• What to produce: Pictures stay out. Everything else in the listing below gets written out exactly.

### Data extract

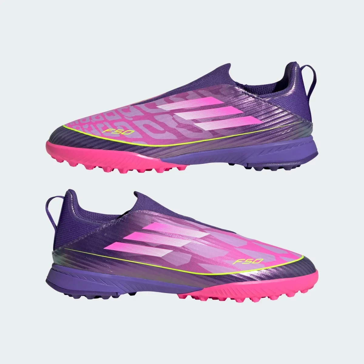 Cuando se trata de fútbol, la velocidad lo es todo. Los zapatos de fútbol F50 League Laceless para césped artificial están diseñados para ayudar a los jóvenes jugadores a desarrollar todo su potencial en el campo de juego. El exterior Fiberskin presenta un paquete de materiales de ingeniería que ofrece soporte y tacto suave con líneas 3D estratégicamente colocadas. El estampado Sprintgrid 2D del refuerzo emula visualmente el elemento de diseño de los productos en los niveles de precio más altos. El cuello sin cordones presenta un cómodo cuello de punto con refuerzo de TPU para mejorar la sujeción del pie a altas velocidades. La Sprintplate 360 ofrece detalles basados en TPU con ADN de diseño F50 y una suela con un núcleo que se encuentra en los niveles de precios de gama alta. Con doble marca, incluidas las 3 Tiras impresas a ambos lados del mediopié y un logo de F50 en el antepié, estos zapatos de fútbol son tan elegantes como funcionales. adidas sigue superando los límites, ayudando a los jóvenes atletas a alcanzar sus objetivos de rendimiento.
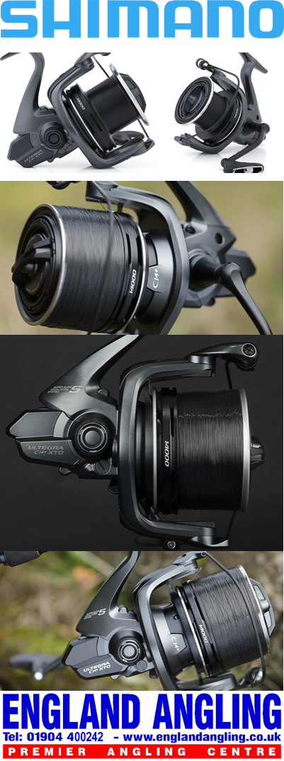 The use of CI4+ delivers a substantial weight saving on the compact Ultegra body making rod speed easier to generate when distance casting. To further increase casting performance the Ultegra uses 2 Speed Slow Oscillation line lay and an AR-C spool fitted with the new Hi-Speed Drag mechanism. Cold Forged HAGANE gearing and X-Ship produce powerful winding performance and 5 Stainless A-RB bearings plus a Shimano Roller bearing deliver supreme smoothness. The reel is protected according to Shimano's latest innovation X-Protect which will guarantee to protect the reel's inner parts against intrusion from water and dirt. The G Free Body in combination with the Parallel Body will help the angler to achieve long and accurate cast without unnecessary fatigue throughout the day. The new Ultegra CI4+ has a very compact body design which contributes to the feel of a compact and lightweight big pit reel.
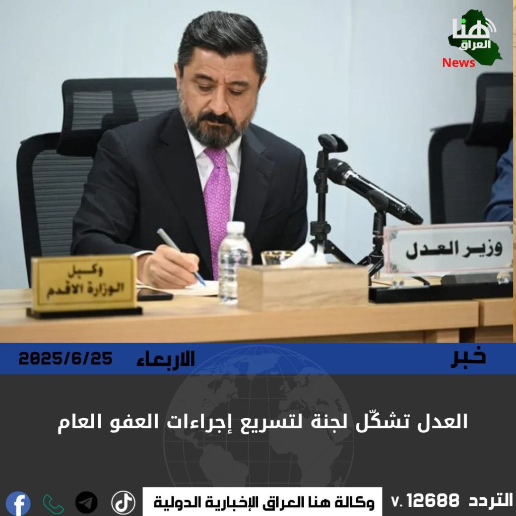 وجّهت وزارة العدل بتشكيل لجنة قانونية ضمن دائرة الإصلاح، لتسريع إطلاق سراح المشمولين بالعفو العام، من خلال اعتماد غرفة عمليات إلكترونية تربط أقسام الاستقبال والسجون كافة.

######

• Your response:
 Cuando se trata de fútbol, la velocidad lo es todo. Los zapatos de fútbol F50 League Laceless para césped artificial están diseñados para ayudar a los jóvenes jugadores a desarrollar todo su potencial en el campo de juego. El exterior Fiberskin presenta un paquete de materiales de ingeniería que ofrece soporte y tacto suave con líneas 3D estratégicamente colocadas. El estampado Sprintgrid 2D del refuerzo emula visualmente el elemento de diseño de los productos en los niveles de precio más altos. El cuello sin cordones presenta un cómodo cuello de punto con refuerzo de TPU para mejorar la sujeción del pie a altas velocidades. La Sprintplate 360 ofrece detalles basados en TPU con ADN de diseño F50 y una suela con un núcleo que se encuentra en los niveles de precios de gama alta. Con doble marca, incluidas las 3 Tiras impresas a ambos lados del mediopié y un logo de F50 en el antepié, estos zapatos de fútbol son tan elegantes como funcionales. adidas sigue superando los límites, ayudando a los jóvenes atletas a alcanzar sus objetivos de rendimiento.
 The use of CI4+ delivers a substantial weight saving on the compact Ultegra body making rod speed easier to generate when distance casting. To further increase casting performance the Ultegra uses 2 Speed Slow Oscillation line lay and an AR-C spool fitted with the new Hi-Speed Drag mechanism. Cold Forged HAGANE gearing and X-Ship produce powerful winding performance and 5 Stainless A-RB bearings plus a Shimano Roller bearing deliver supreme smoothness. The reel is protected according to Shimano's latest innovation X-Protect which will guarantee to protect the reel's inner parts against intrusion from water and dirt. The G Free Body in combination with the Parallel Body will help the angler to achieve long and accurate cast without unnecessary fatigue throughout the day. The new Ultegra CI4+ has a very compact body design which contributes to the feel of a compact and lightweight big pit reel.
 وجّهت وزارة العدل بتشكيل لجنة قانونية ضمن دائرة الإصلاح، لتسريع إطلاق سراح المشمولين بالعفو العام، من خلال اعتماد غرفة عمليات إلكترونية تربط أقسام الاستقبال والسجون كافة.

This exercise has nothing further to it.